**Assigned task:**
Copy every entry below exactly, and keep out the pictures.

################

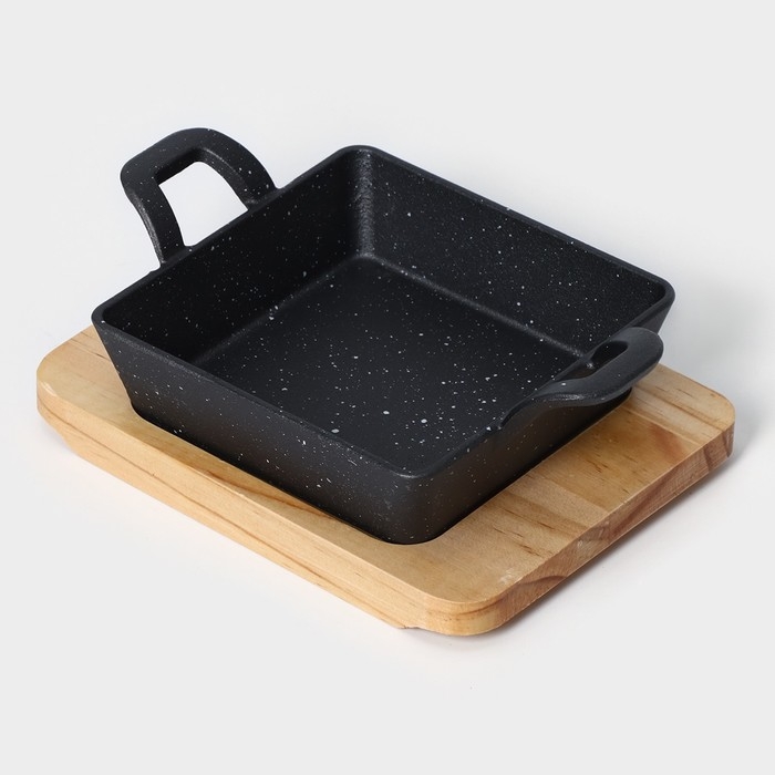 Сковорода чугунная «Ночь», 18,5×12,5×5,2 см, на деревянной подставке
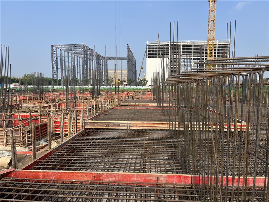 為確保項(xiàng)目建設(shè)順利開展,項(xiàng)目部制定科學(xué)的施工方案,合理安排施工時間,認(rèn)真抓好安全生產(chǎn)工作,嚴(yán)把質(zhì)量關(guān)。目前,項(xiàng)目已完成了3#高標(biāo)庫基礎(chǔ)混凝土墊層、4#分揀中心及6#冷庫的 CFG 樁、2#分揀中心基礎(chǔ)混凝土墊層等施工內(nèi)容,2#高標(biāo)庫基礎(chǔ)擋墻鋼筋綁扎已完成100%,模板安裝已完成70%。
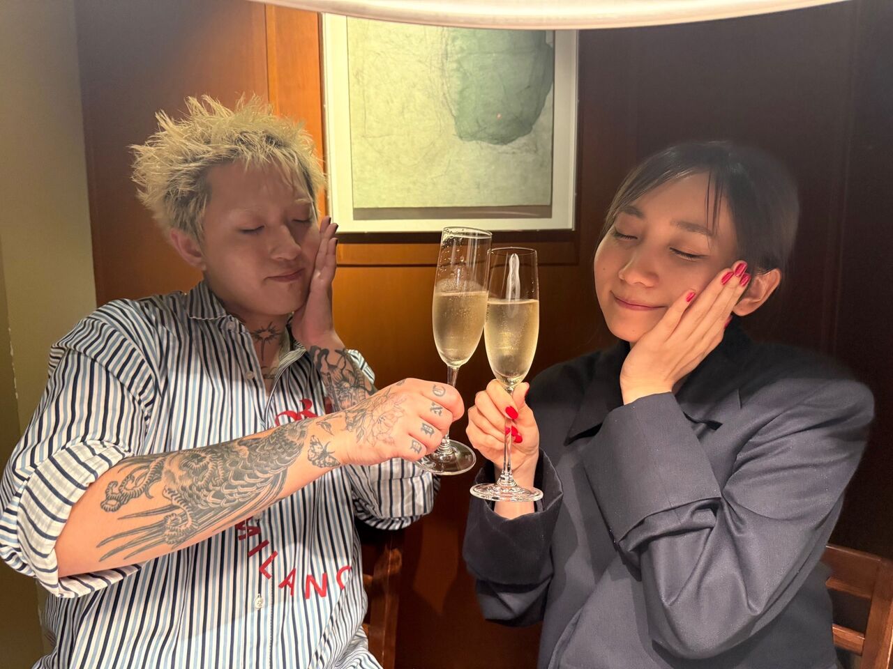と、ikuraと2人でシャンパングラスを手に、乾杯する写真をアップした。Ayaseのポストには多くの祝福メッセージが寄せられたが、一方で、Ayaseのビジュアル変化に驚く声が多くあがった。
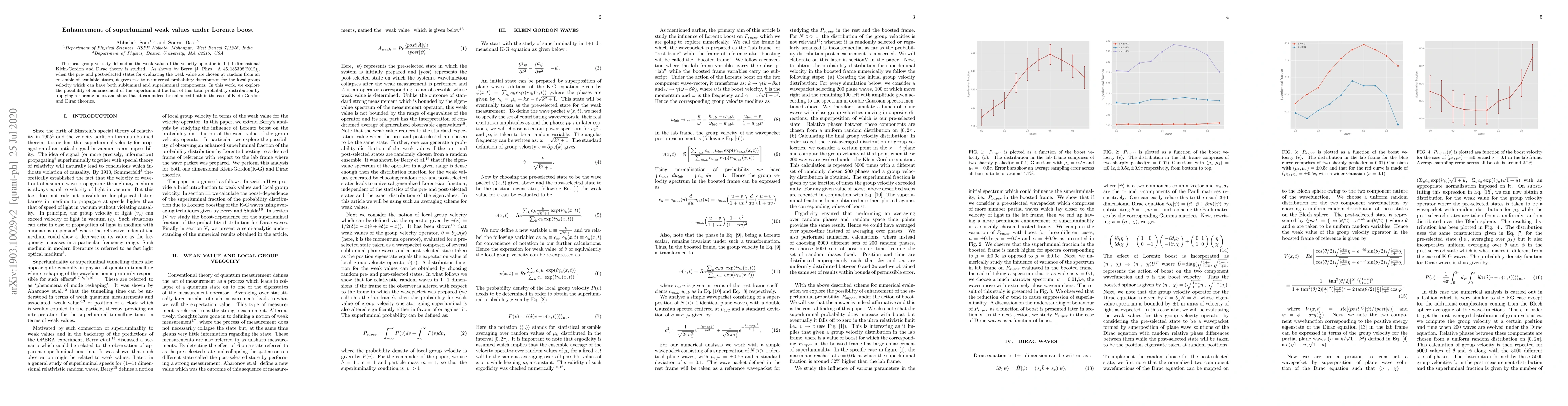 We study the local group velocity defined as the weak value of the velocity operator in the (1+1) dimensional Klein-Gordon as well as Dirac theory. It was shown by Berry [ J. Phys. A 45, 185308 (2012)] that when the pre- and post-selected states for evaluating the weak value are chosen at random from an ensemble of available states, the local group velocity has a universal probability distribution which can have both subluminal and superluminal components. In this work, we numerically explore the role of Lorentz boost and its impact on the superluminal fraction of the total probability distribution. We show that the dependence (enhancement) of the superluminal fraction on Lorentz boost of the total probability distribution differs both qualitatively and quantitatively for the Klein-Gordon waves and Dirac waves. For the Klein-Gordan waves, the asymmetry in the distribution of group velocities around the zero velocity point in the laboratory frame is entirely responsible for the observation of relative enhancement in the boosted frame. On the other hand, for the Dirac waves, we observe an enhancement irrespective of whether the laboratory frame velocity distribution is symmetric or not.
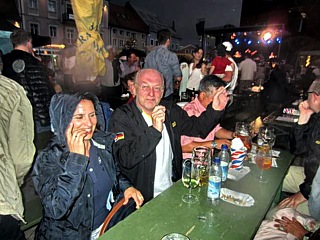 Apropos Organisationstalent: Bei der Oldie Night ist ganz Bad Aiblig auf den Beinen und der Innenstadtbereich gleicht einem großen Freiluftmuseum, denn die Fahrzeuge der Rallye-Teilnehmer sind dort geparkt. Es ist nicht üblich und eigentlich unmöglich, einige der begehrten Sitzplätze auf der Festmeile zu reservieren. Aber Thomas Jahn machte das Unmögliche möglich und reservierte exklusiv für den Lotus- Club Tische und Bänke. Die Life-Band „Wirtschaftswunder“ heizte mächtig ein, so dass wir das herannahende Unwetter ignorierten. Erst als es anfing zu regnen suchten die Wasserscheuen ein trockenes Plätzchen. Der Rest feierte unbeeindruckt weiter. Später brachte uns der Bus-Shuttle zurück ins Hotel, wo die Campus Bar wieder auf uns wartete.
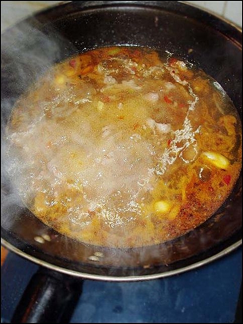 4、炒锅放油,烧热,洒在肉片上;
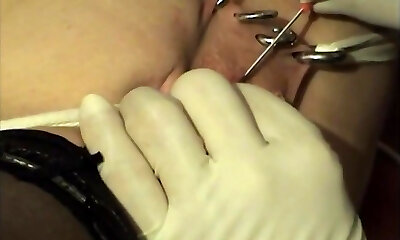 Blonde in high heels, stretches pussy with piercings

################

**Exercise result:**
 Сковорода чугунная «Ночь», 18,5×12,5×5,2 см, на деревянной подставке
 為確保項(xiàng)目建設(shè)順利開展,項(xiàng)目部制定科學(xué)的施工方案,合理安排施工時間,認(rèn)真抓好安全生產(chǎn)工作,嚴(yán)把質(zhì)量關(guān)。目前,項(xiàng)目已完成了3#高標(biāo)庫基礎(chǔ)混凝土墊層、4#分揀中心及6#冷庫的 CFG 樁、2#分揀中心基礎(chǔ)混凝土墊層等施工內(nèi)容,2#高標(biāo)庫基礎(chǔ)擋墻鋼筋綁扎已完成100%,模板安裝已完成70%。
と、ikuraと2人でシャンパングラスを手に、乾杯する写真をアップした。Ayaseのポストには多くの祝福メッセージが寄せられたが、一方で、Ayaseのビジュアル変化に驚く声が多くあがった。
 We study the local group velocity defined as the weak value of the velocity operator in the (1+1) dimensional Klein-Gordon as well as Dirac theory. It was shown by Berry [ J. Phys. A 45, 185308 (2012)] that when the pre- and post-selected states for evaluating the weak value are chosen at random from an ensemble of available states, the local group velocity has a universal probability distribution which can have both subluminal and superluminal components. In this work, we numerically explore the role of Lorentz boost and its impact on the superluminal fraction of the total probability distribution. We show that the dependence (enhancement) of the superluminal fraction on Lorentz boost of the total probability distribution differs both qualitatively and quantitatively for the Klein-Gordon waves and Dirac waves. For the Klein-Gordan waves, the asymmetry in the distribution of group velocities around the zero velocity point in the laboratory frame is entirely responsible for the observation of relative enhancement in the boosted frame. On the other hand, for the Dirac waves, we observe an enhancement irrespective of whether the laboratory frame velocity distribution is symmetric or not.
 Apropos Organisationstalent: Bei der Oldie Night ist ganz Bad Aiblig auf den Beinen und der Innenstadtbereich gleicht einem großen Freiluftmuseum, denn die Fahrzeuge der Rallye-Teilnehmer sind dort geparkt. Es ist nicht üblich und eigentlich unmöglich, einige der begehrten Sitzplätze auf der Festmeile zu reservieren. Aber Thomas Jahn machte das Unmögliche möglich und reservierte exklusiv für den Lotus- Club Tische und Bänke. Die Life-Band „Wirtschaftswunder“ heizte mächtig ein, so dass wir das herannahende Unwetter ignorierten. Erst als es anfing zu regnen suchten die Wasserscheuen ein trockenes Plätzchen. Der Rest feierte unbeeindruckt weiter. Später brachte uns der Bus-Shuttle zurück ins Hotel, wo die Campus Bar wieder auf uns wartete.
 4、炒锅放油,烧热,洒在肉片上;
 Blonde in high heels, stretches pussy with piercings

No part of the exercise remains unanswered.